Did Barney Frank, in an attempt to further the homosexual agenda, end up allowing terrorists easier entry into the United States? That's the charge being made by Republican congressional candidate, Chuck Morse. This CNS News story has more (including specific information from Frank himself regarding his motivation for changing the law).

...Prior to the passage of the Frank Amendment in 1990, aliens could be denied entry into the U.S. for three reasons related to their ideology:


-- Participation in activities that would be prejudicial to the public interest or public safety;


-- Membership in subversive organizations or teaching or advocating subversive views;


-- Likelihood of engaging in subversive activities after entry into the country.


The Frank Amendment eliminated those and all other "ideological" prohibitions, substituting a new rule that aliens could not be excluded or deported "because of any past, current, or expected beliefs, statements, or associations which, if engaged in by a United States citizen in the United States, would be protected under the Constitution of the United States."


As James R. Edwards, Jr., author of "The Congressional Politics of Immigration Reform," noted in an Aug. 30, 2005, panel discussion at the Center for Immigration Studies, the Frank Amendment "sought to extend the First Amendment to the world - despite foreigners' lack of corresponding duties that U.S. citizens bear or the status of being subject to the U.S. government's jurisdiction.

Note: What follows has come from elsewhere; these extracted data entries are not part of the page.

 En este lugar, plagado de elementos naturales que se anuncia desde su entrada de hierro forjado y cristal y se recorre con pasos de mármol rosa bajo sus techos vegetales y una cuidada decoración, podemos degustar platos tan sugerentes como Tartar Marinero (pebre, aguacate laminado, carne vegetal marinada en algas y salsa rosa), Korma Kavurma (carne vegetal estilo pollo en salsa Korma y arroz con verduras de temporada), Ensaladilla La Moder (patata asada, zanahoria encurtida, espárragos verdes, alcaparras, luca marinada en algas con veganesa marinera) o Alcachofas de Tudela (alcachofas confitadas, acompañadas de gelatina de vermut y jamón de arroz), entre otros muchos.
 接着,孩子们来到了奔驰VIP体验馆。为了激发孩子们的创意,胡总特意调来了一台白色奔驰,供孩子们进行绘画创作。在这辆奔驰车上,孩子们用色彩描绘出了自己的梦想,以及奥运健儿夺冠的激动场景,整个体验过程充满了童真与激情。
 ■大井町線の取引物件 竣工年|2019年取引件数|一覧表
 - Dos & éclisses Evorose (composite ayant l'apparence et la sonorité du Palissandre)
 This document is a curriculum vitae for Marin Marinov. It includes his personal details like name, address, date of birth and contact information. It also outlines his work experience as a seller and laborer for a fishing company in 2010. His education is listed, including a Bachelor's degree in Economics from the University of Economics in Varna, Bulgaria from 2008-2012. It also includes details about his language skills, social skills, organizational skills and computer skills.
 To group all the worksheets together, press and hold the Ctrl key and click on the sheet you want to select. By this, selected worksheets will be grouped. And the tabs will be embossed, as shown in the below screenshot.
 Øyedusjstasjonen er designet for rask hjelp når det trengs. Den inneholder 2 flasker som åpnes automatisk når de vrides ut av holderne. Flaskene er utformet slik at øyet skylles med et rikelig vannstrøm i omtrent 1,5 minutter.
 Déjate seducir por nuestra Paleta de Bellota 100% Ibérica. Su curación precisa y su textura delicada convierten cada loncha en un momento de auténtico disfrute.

"Indeed, this law made it much easier for aliens who hold radical, dangerous, anti-American or subversive political beliefs to enter and remain in the United States," Edwards explained. "This perversion of the First Amendment means the guy who preaches hatred, pollutes hearts and minds, steeps persuadable people in reasons to harm Americans and wage war from within against America ... gets a free pass..."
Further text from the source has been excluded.